Feasibility studies are an essential aspect of real estate development, as they help to determine the viability and profitability of a potential project before investing significant time and money. Feasibility studies are conducted to evaluate the financial, technical, legal, environmental, and market factors of a project to determine if it is practical and profitable to proceed.
The study included a market analysis to determine the demand for the different components of the project, as well as a financial analysis to determine the costs and potential returns of the project.
Based on the results of the feasibility study, the developers were able to make informed decisions about the design and construction of the project, including the size, layout, and amenities of the various components. The study also helped the developers to identify potential risks and challenges associated with the project, and to take measures to minimize or mitigate them.

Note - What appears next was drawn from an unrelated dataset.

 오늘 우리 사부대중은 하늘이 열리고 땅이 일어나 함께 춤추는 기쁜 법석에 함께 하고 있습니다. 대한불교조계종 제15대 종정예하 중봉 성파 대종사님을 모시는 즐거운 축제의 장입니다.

AA+ Appraisal & Consultancy, a real estate consulting firm, has conducted feasibility studies for various real estate development projects in the Philippines. Two notable projects are a hotel in Ermita, Manila, and an integrated marina resort in Lapulapu City.

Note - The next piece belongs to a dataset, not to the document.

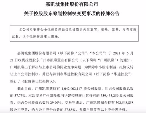 转让控制权,嘉凯城临时停牌

The first project involved evaluating potential hotel development sites and making recommendations for facilities and brand affiliations. The proposed hotel will be a component of a mixed-use development plan and will cater to the needs of local travelers and businessmen. The market study showed that the most viable project with the highest return on investment is the renovation of the existing hotel, resulting in a projected income and a return on investment of 770%. The project will help promote tourism and create employment opportunities in the area.
The second project is envisioned to be a world-class standard, with a full-service hotel property, condominium, marina clubhouse, and berth slip. The study analyzed the site, physical improvements, and amenities, as well as the outlook for the national economy, capital markets, and resort hotel visitation. The report also projected income and expenses for both the proposed hotels, and the marina component, and provided a feasibility conclusion with respect to the projected return on investment. The project is projected to generate a profit margin with the key assumption that operations will be managed by key executives and the workforce. Two ways to generate higher profit are to link up with an international hotel and obtain TIEZA accreditation.
Both projects are expected to help fill the gap in the government’s thrust to promote tourism and create employment opportunities in the area.